I too hope i learn to find a true understanding of sikhism, as i feel that along the way, people have lost sight of their true religion, and have adopted a culture instead. Infact when i was spat at in London it was in a place called Southall, the man that spat at me was a sikh, he was wearing his 5 k's, a middle aged man, in a turban, this jan 2006. Need i say anymore.
I feel totally beaten by it all.
In fact in the news papers last week, a very sad story about a young punjabi girl, who had an arranged marriage, but her mother was a divorcee, and her husbands family just could'nt get to grips with this, and the women became depressed, she went to a train station in london, with her two very young children, and she took her and her childrens life. She was 28 i think, her mother felt so guilty that she had forced her daughter into the marriage, she took her own life at southall train station two weeks ago. This has got to stop, i fear for the safety of my unborn child, we have already been threatened with kidnapp, i've been told never to step foot in India as i won't be coming back.

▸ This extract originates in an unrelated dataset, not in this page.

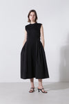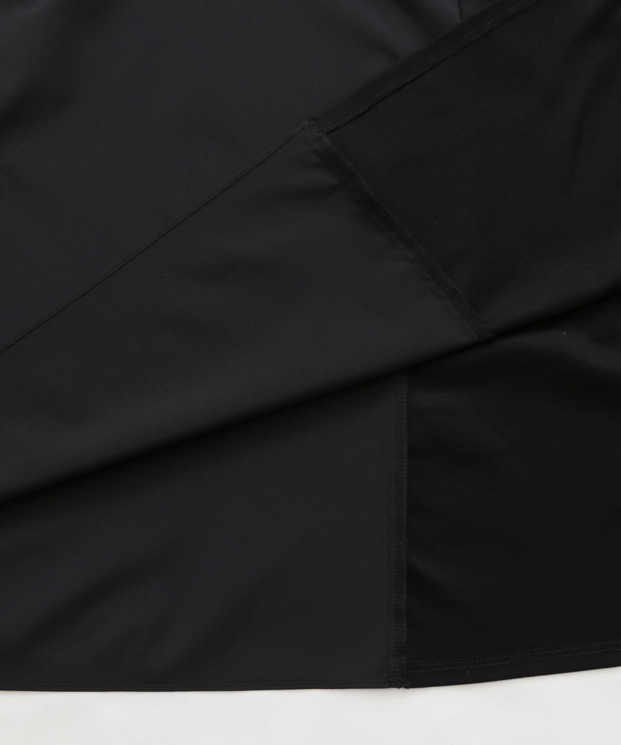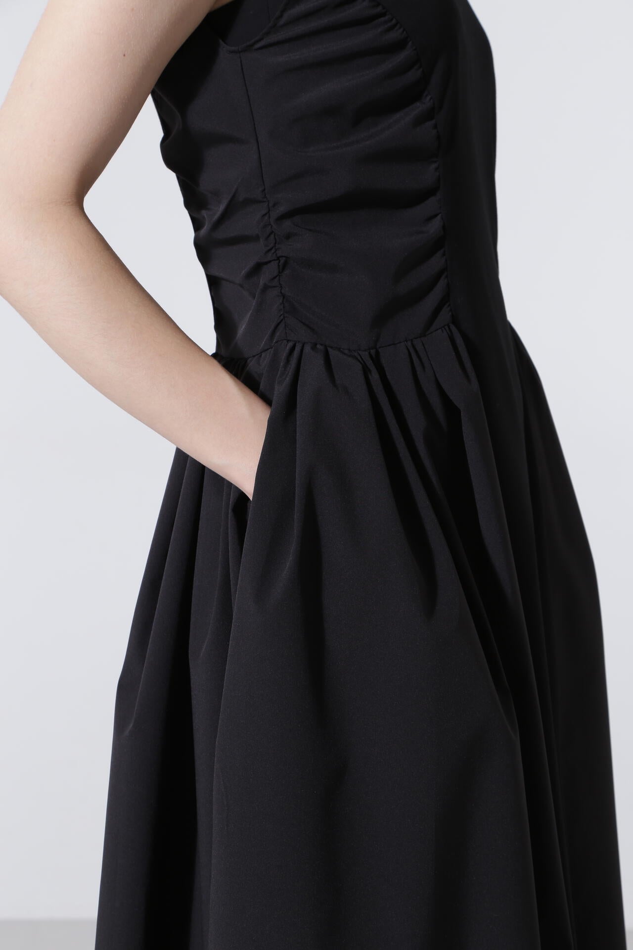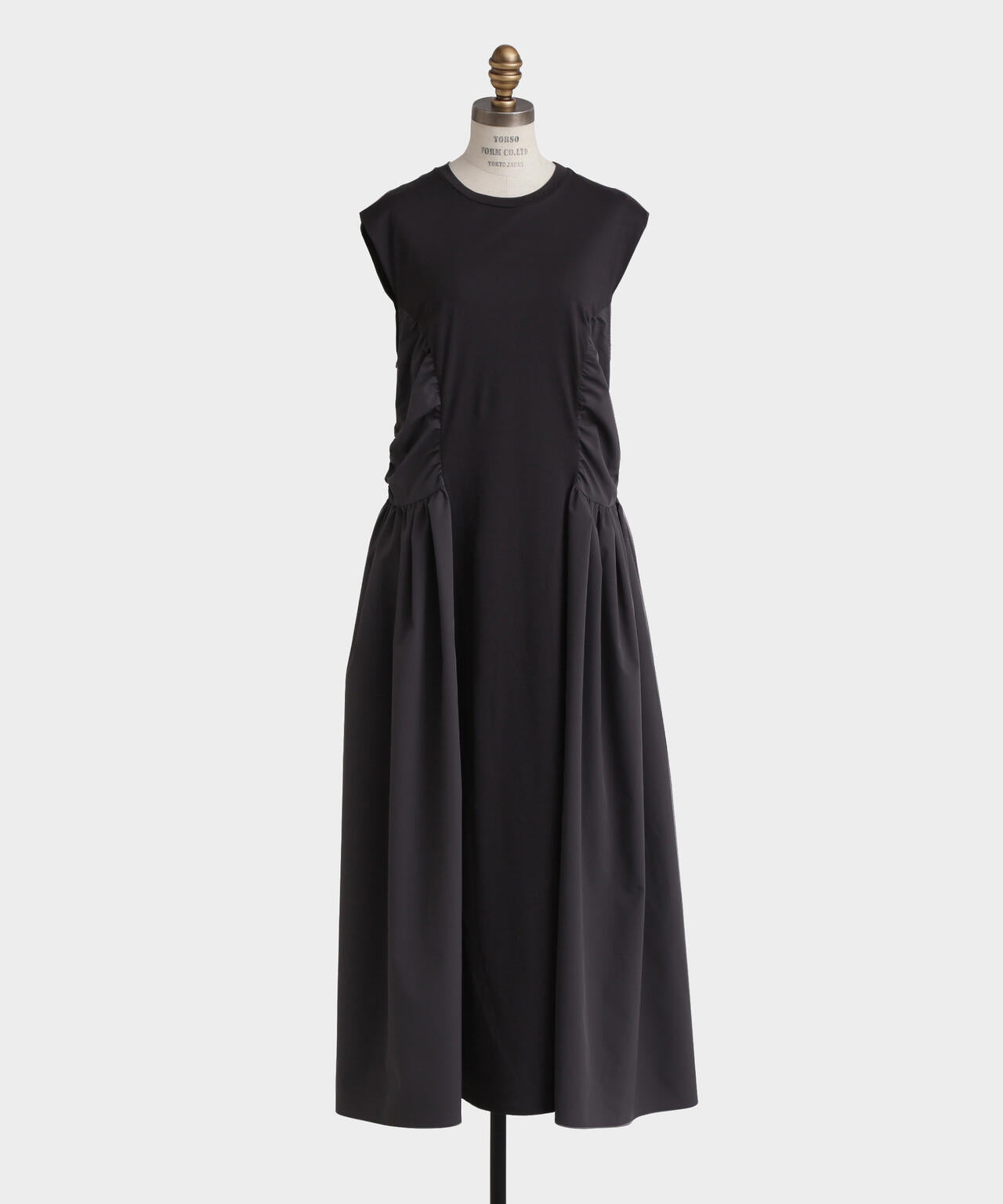 カットソー生地にイージーケアの布帛素材をドッキングした、夏に最適なイージードレッシングのサマードレス。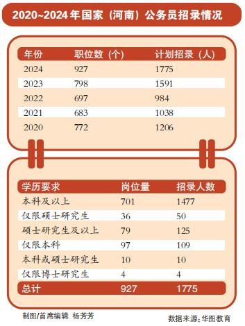 2024年国考河南地区招录职位数共927个,招录人数为1775人。刘汉卿称,相较2023年798个职位,招录1591人来说,此次招录人数和职位数均有不同程度增加,无外乎是河南考生考编的利好时期。

For some this may sound like a cool gangster movie, for some, you may not want to believe this thing goes on, but its as real today as it was in the 16th century, when Guru Nanak, ask women to be equal to men, and our door should always be open for others. We have yet to find a place to belong. 
Until then i shall continue educating 
the local community, i use to have lots of funny looks and the kids on the streets would often ask, why i dress the way i do, so i decided to go into local schools and just talk to the children about Sikhism and the Indian culture, and just answer the questions, i don't know much, but what i do know has seemed to help others, its good fun. We live in the south west now, and our town is totally white, apart from my husband, so it stopped alot of idle gossip when i went into the school and explained!!! 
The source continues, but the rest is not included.